Bei dem betrachteten Szenario handelt es sich natürlich um den Worst Case der letzten 50 Jahre und einen solch langen Verlustzeitraum zu erwischen ist relativ unwahrscheinlich. Dennoch sollten sich Anleger bewusst sein, dass es auch bei ETF-Sparplänen unter Umständen zu langen Wartezeiten kommen kann bis man in der Gewinnzone ist. Die Länge des maximalen Verlustzeitraum der Vergangenheit zeigt, dass man in jedem Fall einen langfristigen Anlagehorizont haben sollte.

Risikohinweis

Dieser Beitrag hat 4 Kommentare

  1. Richtig guter Artikel. Du hasst vollkommen Recht bei den meisten wenn nicht sogar bei allen Szenen werden immer nur Zeitpunkt Betrachtungen beschrieben, das ist mir erst voll klar geworden als ich diese Artikel gelesen habe. Danke für die Betrachtung aus einem anderen Blickwinkel

  2. Achim

    > Die intuitive Vorstellung, dass der maximale Verlustzeitraum für eine Einmalanlage
    > kürzer als bei einem Sparplan ist, stimmt nicht. Für den MSCI World ist der
    > maximale Verlustzeitraum der Vergangenheit für den Sparplan (16,5 Jahre)
    > länger als für eine Einmalanlage (11,6 Jahre).

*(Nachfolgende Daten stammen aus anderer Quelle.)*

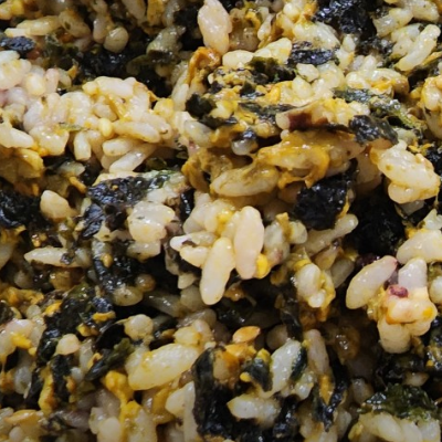 밥알 사이사이에 잘 섞인 미더덕 속살의 고소하고 향긋한 향이 진하긴 했지만, 부담스럽지 않고 부드러워요.

    Hm. Wie jetzt? Für mich ist die obige Passage widersprüchlich. 11,6 Jahre sind doch kürzer als 16,5.

  3. karl

    Hallo,
    muss in diesem Satz nicht Einmalanlage und Sparplan vertauscht werden? „Die intuitive Vorstellung, dass der maximale Verlustzeitraum für eine Einmalanlage kürzer als bei einem Sparplan ist, stimmt nicht.“
    Ein sehr guter Artikel, der zeigt, dass es auch beim Sparplan keinen Automatismus gibt und ein selbst ein langer Anlagezeitraum im Ergebnis ein gerade den nominal angelegten Betrag realisiert, wenn man dann aussteigt/aussteigen muss. Ich denke, kaum einer der Menschen, die mit dem Marketingversprechen „Cost Average“ in einen Sparplan investieren, erkennen das Problem. Und vor allem erkennen sie wohl auch nicht die Lösung: Nicht den Sparplan mangels Erfolges auflösen, bzw. Teilauflösen. Bei einer Teilauflösung zahlt man dann wg. FiFo ggf. noch Kapitalertragssteuern, obwohl die Gesamtinvestition noch keinen Ertrag gebracht hat – ich gehe mal davon aus, dass dem Normalanleger die Möglichkeit des Verschiebens in Unterdepots nicht bekannt ist. Die Lösung ist hier unbedingt noch ein bis 3 Jahre warten und dann vom kommenden Aufschwung profitieren.

    Ich kann mir aber auch vorstellen, dass es viele Anleger gibt, die dann schon in der Abschwungphase doch die Besparung ihres Sparplanes einstellen und nicht wieder aufnehmen.

  4. MR

    Ist eine Definitionsfrage. Ich selbst hätt unter „maximalen Verlustzeitraum“ den Zeitraum (vermutlich falsch?) definiert, in welchem mein Investment dauerhaft im Minus ist. Das ist ja bei der Betrachtung hier überhaupt nicht der Fall. Da ist der Sparplan viele Jahre lang deutlich im Plus und rutscht dann ganz am Ende der Weltfinanzkrise mal ganz kurz für wenige Tage ins Minus, nur um dann kurz darauf wieder deutlich ins Plus zu drehen.